Stimulus for Local Companies: We applaud the government’s commitment to assist local SMEs through programmes such as the Youth Relief Support. To make this effective, internal controls must be observed by keeping audit trails and ensure the Auditor General’s office has real-time oversight. This requires transparency over who gets the bailouts and subsidies, how the decisions were made, and whether the money is fairly distributed, including to women and informal businesses. A clearly defined criterion for beneficiaries should be developed and widely published; the application and adjudication process should be made public. The Treasury – working with the Financial Intelligence Centre – will need to collect information on the ultimate beneficial owners of companies receiving bailouts to guard against the funds being used to reward political networks. For instance, countries like Nigeria and Ghana are opening up who really owns and controls companies – allowing journalists and civil society to follow the money, report political and illicit dealings. For the stimulus to be effective it is vital for the government using the new Companies Act to collect and publish in open formats company ownership information to guard against political influence.

Providing Citizens with timely and accurate Information: Access to information is central to achieve effective response and recovery from Covid-19. Lessons from the early stages of the virus’ global spread have shown the devastating effects of disinformation and limiting information to citizens. Some governments downplayed or hid the seriousness of the pandemic, delayed disclosure of risks and threats to citizens, jeopardizing citizens’ lives that could have been saved with proactive disclosure. Access to timely and accurate information enables citizens to trust the government’s measures to respond to Covid-19, encouraging citizens to be active participants in supporting government efforts.

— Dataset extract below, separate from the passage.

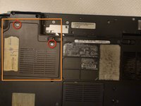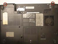 Remove the two 10 mm Phillips #1 screws from the bottom of the laptop that attach the lid assembly to the laptop with a Phillips #1 screwdriver.
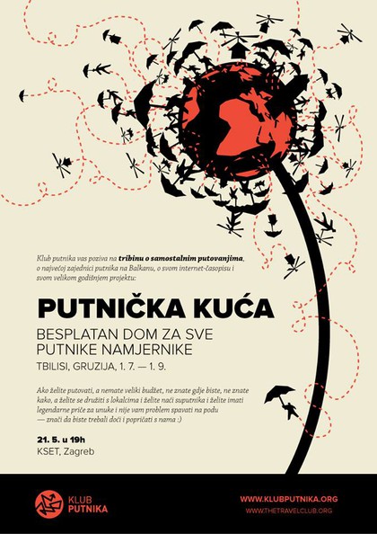 Tribina o putovanjima? Hm, čini se da će se pričati o putovanjima. Naš Klub putnika će vam reći koju korisnu o putovanjima, o sebi i o našem projektu Putnička kuća. Klub putnika se bavi promicanjem kulture putovanja: geografska poetika i polemika. Svake godine organizira se Putnička kuća – preko interneta se prikupe donacije, unajmi se kuća na određenoj i kroz nju prođu svi putnici namjernici besplatno. Ovogodišnja Putnička kuća je u Tbilisiju. (Gruzija! Nešto novo, nešto divlje!) Dođite i saznajte detalje! Ova tribina nije za svakoga, ali ćemo reći za koga jest.

For instance, Taiwan managed to maintain remarkably low levels of infections and deaths not through top-down control, but through government transparency, which built public trust and empowered social coordination. Through the Face Mask Map, the government disseminated real-time, location-specific data to the public on mask availability, empowering citizens to collaborate and reallocate rations through trades and donations to those who most needed them. 

Mr President, there is an opportunity for Zimbabwe to become one of the regional leaders with a post-Covid recovery approach that is driven by openness and accountability, which has dividends for government, business and citizens. At the core of government’s response and recovery approach should be citizens in order to gain their trust and that of the international community. It is citizens that are being affected by the pandemic, it is the same citizens that should become central to the government’s response and recovery measures.